After the arrival of the Spanish, Catholic missionaries employed indigenous peoples as translators, creating a bilingual class known as ladinos. These individuals, notably poet-translator Gaspar Aquino de Belen, produced devotional poetry written in the Roman script, primarily in the Tagalog language. Later, the Spanish ballad of chivalry, the corridor, provided a model for secular (nonreligious) literature. Verse narratives, or komedya, were performed in the regional languages for the illiterate majority. They were also written in the Roman alphabet in the principal languages and widely circulated.

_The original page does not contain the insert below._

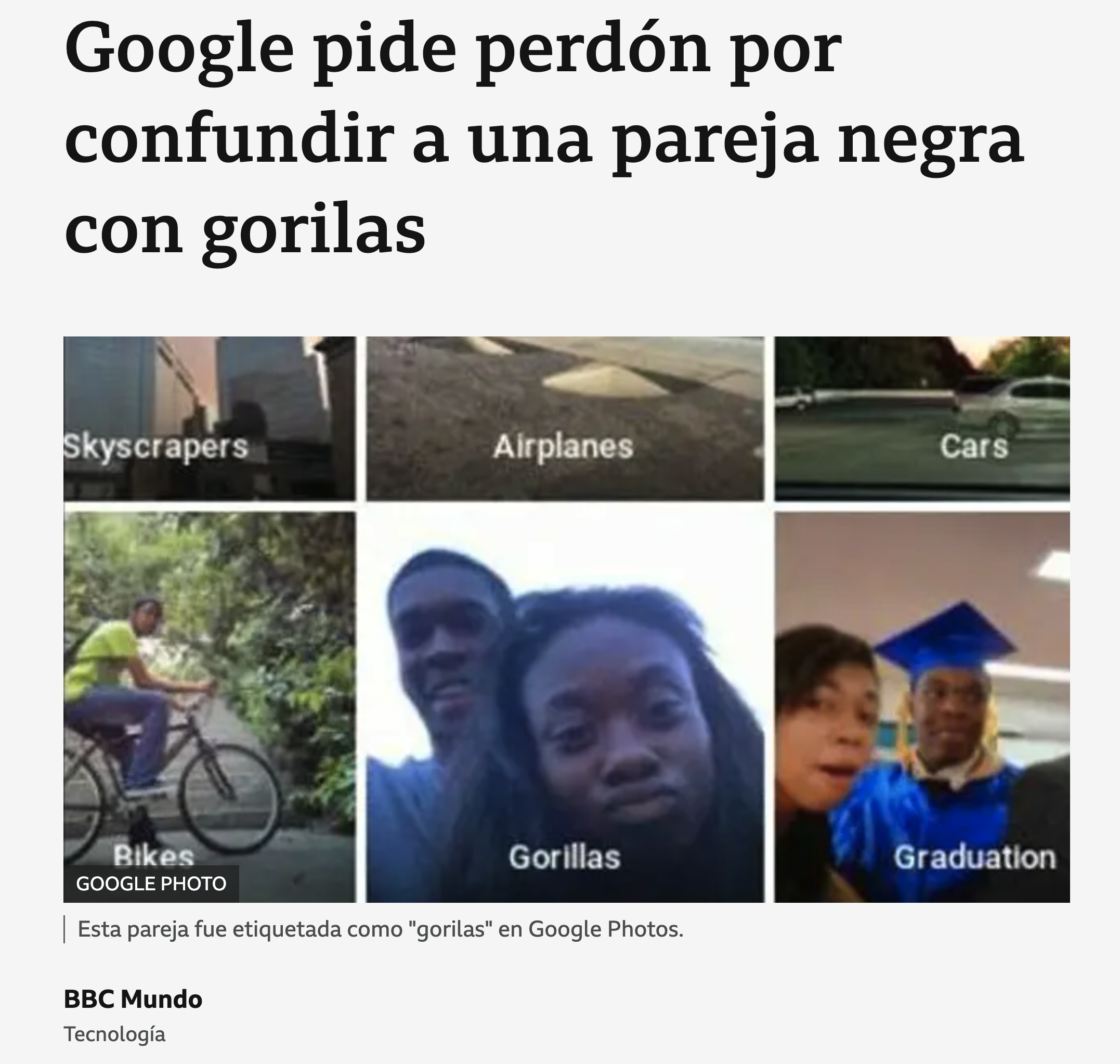 En 2015, el sistema de reconocimiento de imágenes de Google Photos etiquetó a dos personas negras como gorilas. La respuesta de Google fue quirúrgica en la peor acepción del término: borraron la etiqueta “gorila” del sistema. El algoritmo seguía clasificando igual, pero ahora no podía decirlo en voz alta.
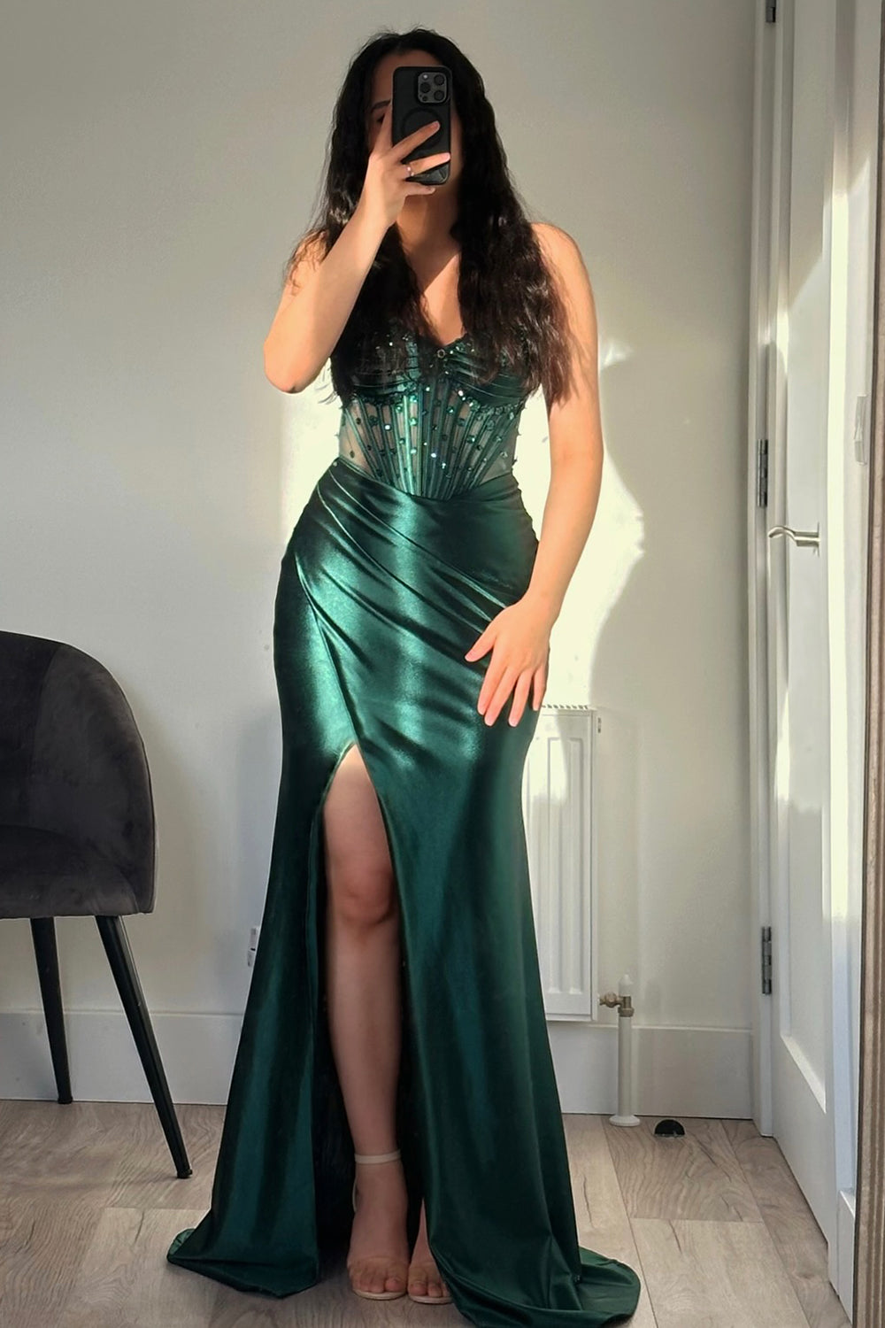 Sparkly Dark Green Mermaid Strapless Beaded Corset Long Prom Dress with Slit

Francisco “Balagtas” Baltazar, generally considered the first major Filipino poet, wrote poems in Tagalog. His best-known work, Florante at Laura (Florante and Laura), probably written between 1835 and 1842, is an epic poem that subversively criticizes Spanish tyranny. This poem inspired a generation of young Filipino writers of the new educated class, or ilustrados, who used their literary talents to call for political and social reform under the colonial system. These writers, most notably Jose Rizal, produced a small but high-quality body of Philippine literature in Spanish. Rizal’s novel Noli Me Tangere (Touch Me Not), published in 1886, and its sequel, El Filibusterismo (The Subversive), published in 1891, helped to shape a new, nationalist identity during the last years of the 19th century.
The transfer of the Philippines to United States control in 1898 resulted in a dramatic increase in literacy and, consequently, literary production. A variety of new literary journals began to be published. English-language Filipino novels, short stories, and poems were first published in book form in the 1920s. Many Filipino authors have had distinguished writing careers. Their works typically explore the Filipino cultural identity in the context of social and political issues. Filipino authors often write in more than one literary form and in more than one language. Major English-language works include Winds of April (1940) and The Bamboo Dancers (1959) by N. V. M. Gonzalez; Many Voices (1939) and Have Come, Am Here (1942) by Jose Garcia Villa; You Lovely People (1955) and Scent of Apples and Other Stories (1980) by Bienvenido N. Santos; The Laughter of My Father (1944) and America Is in the Heart (1946) by Carlos Bulosan; Bitter Country and Other Stories (1970) by Rosca Ninotchka; The Woman Who Had Two Navels (1972) and A Question of Heroes (1977) by Nick Joaquin; The God Stealer and Other Stories (1968) and Tree (1978) by Francisco Sionil Jose; A Question of Identity (1973) by Carmen Guerrero Nakpil; and His Native Coast (1979) by Edith L. Tiempo.